# Accucraft K36/K37 Electric - Availability - Quality?



## cfra7 (Jan 2, 2008)

Hi,

I'm considering the purchase of an electric K36/K37. Are they any good? Are they reliable and do they run well? I guess in comparison to Spectrums as all my engines are 1:20.3 Bachmanns. Unfortunately, Bachmann doesn't make anything bigger than a K27.

A K36 sold on eBay a few months ago for $3K. Gold Coast Station had a K37 that they sold last month. Silver State trains sold one last year, so they do become available every few months.

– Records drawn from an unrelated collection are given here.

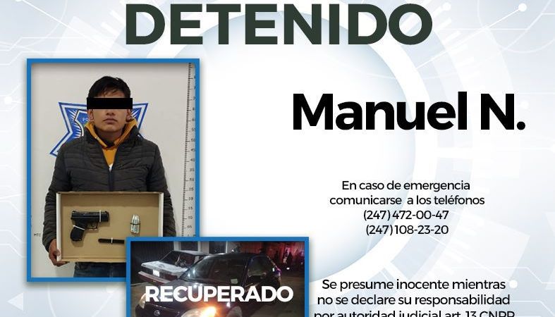 Por las acciones antes mencionadas, fue detenido Manuel N. de 21 años de edad, a quien también se le encontró una arma de fuego entre sus pertenencias; fue así que, después de leerle sus derechos de Ley fue trasladado a la Comisaría Municipal para ser puesto a disposición de la autoridad correspondiente quien determinará su situación legal.
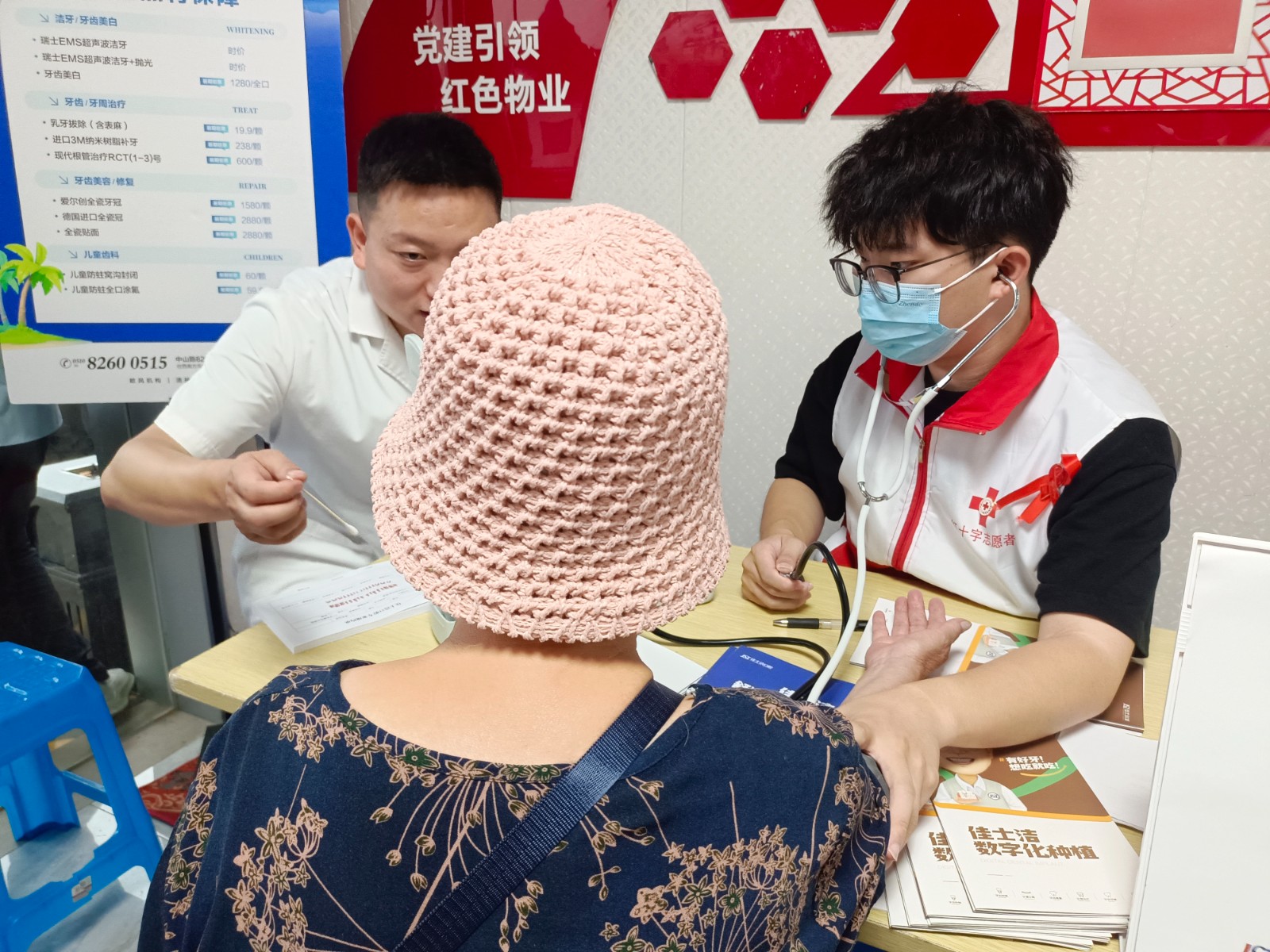 为更好服务居民群众,提升健康理念,倡导科学合理健康的生活方式、普及健康知识和自我保健意识,让居民不出小区就能享受到贴心、周到、便利化的医疗保健服务,7月15日上午,北大街街道古运河社区红十字博爱家园联合北大街社区卫生服务中心、无锡佳洁士口腔医院等多家医院在辖区禾嘉苑小区开展了“博爱送健康 义诊暖人心”活动。
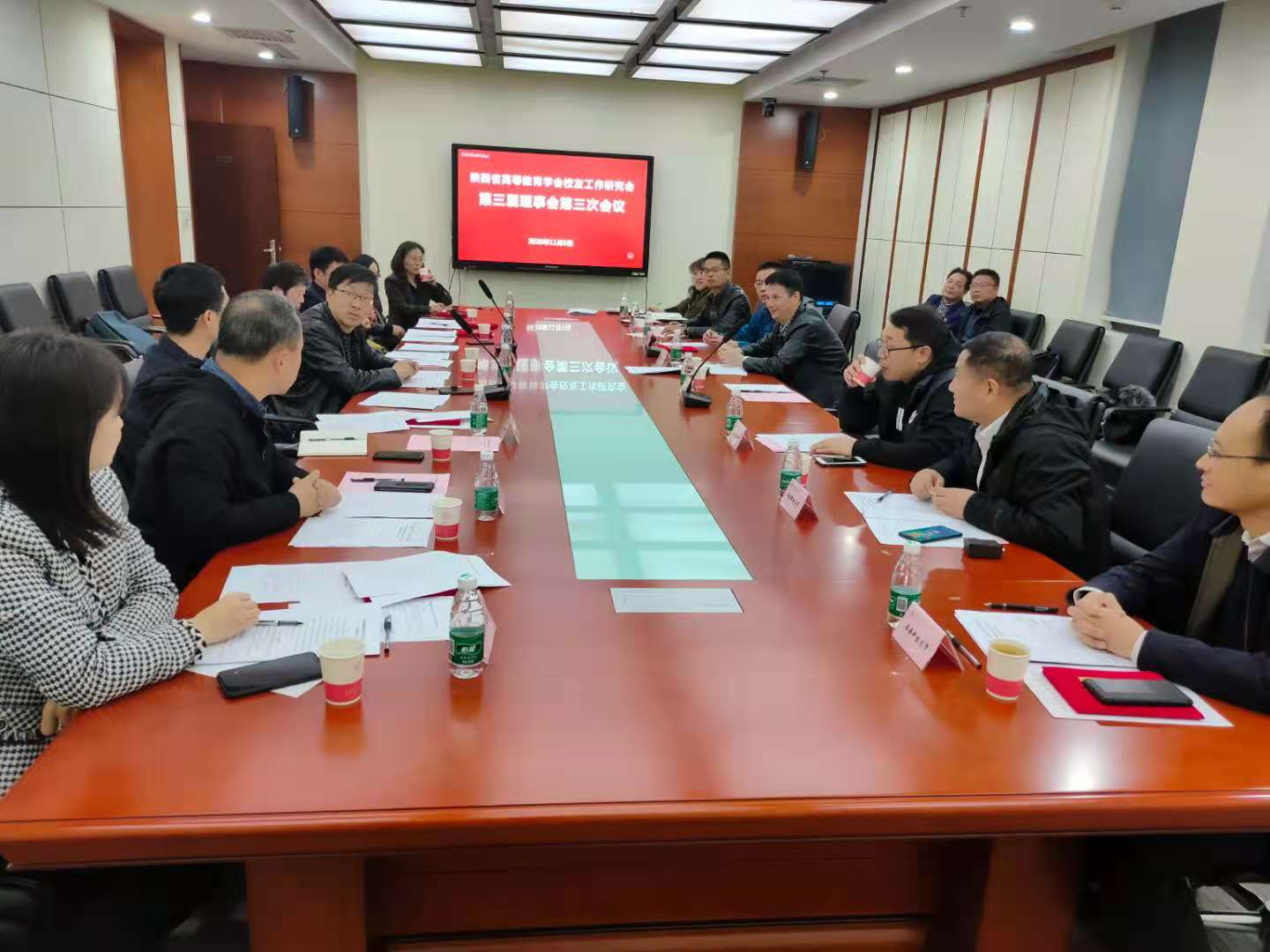 11月5日,由陕西省高等教育学会校友工作研究会主办、陕西师范大学校友会承办的陕西省高等教育学会校友工作研究会第三届理事会第三次会议在陕西师范大学大学长安校区召开。西安交通大学、西北工业大学、西安电子科技大学、西北农林科技大学、陕西师范大学、延安大学等十六所理事单位高校的30名代表参加了会议,对外交流与合作处副处长王瑞、白育虎代表我校理事参加了会议。

No urgency because I'm upgrading my RR to be able to run Accucraft trains as they seem to require better track work. I'll use my friends Berlyn K36 to test my track. I assume if his train works an Accucraft will as well. I expect to complete the track upgrade by July 4th.

Your advice on the K36/37 is much appreciated.

Thanks

Ed


----------



## Dan Pierce (Jan 2, 2008)

While the big engines look great, they need near perfect track for running. The wheel flanges on LGB, Aristocraft, USA Trains, HLW are large and keep these trains on poorly laid track. Not so for the nice big engines, wheel flanges are to scale and engines can derail on uneven track.
Weather plays an important part in outdoor track as in areas that freeze, track will move in all directions and be uneven. 
Indoors would not be an issue, but big curves can be.


----------



## chuck n (Jan 2, 2008)

I have an Accucraft K-28. For several years after I bought it, I could not get it around my outdoor layout without derailing. I'd not had any problems with my Accucraft K-27.

While visiting a layout in Arizona, I saw a K-28 running without any problems. I talked to the owner and he said that he had removed some of the springs to soften the suspension. When I got home I removed 2 of the 3 springs in the mount where the axles go through the frame. I did this for all four driver axles. Now it runs without problems.

I am using 10' diameter curves.

Whether this might help the bigger Ks, I don't know.

Chuck


----------



## cfra7 (Jan 2, 2008)

Hi,

I found a new in box Accucraft K36 and paid $3,900 to get it. Now I just need to finish my track upgrade to handle the small flanges of the Accucraft engines. Wish me luck. If my track work isn't good enough I may be offering a great deal on a K36....

Thanks to everyone who responded

Sincerely,

Ed


----------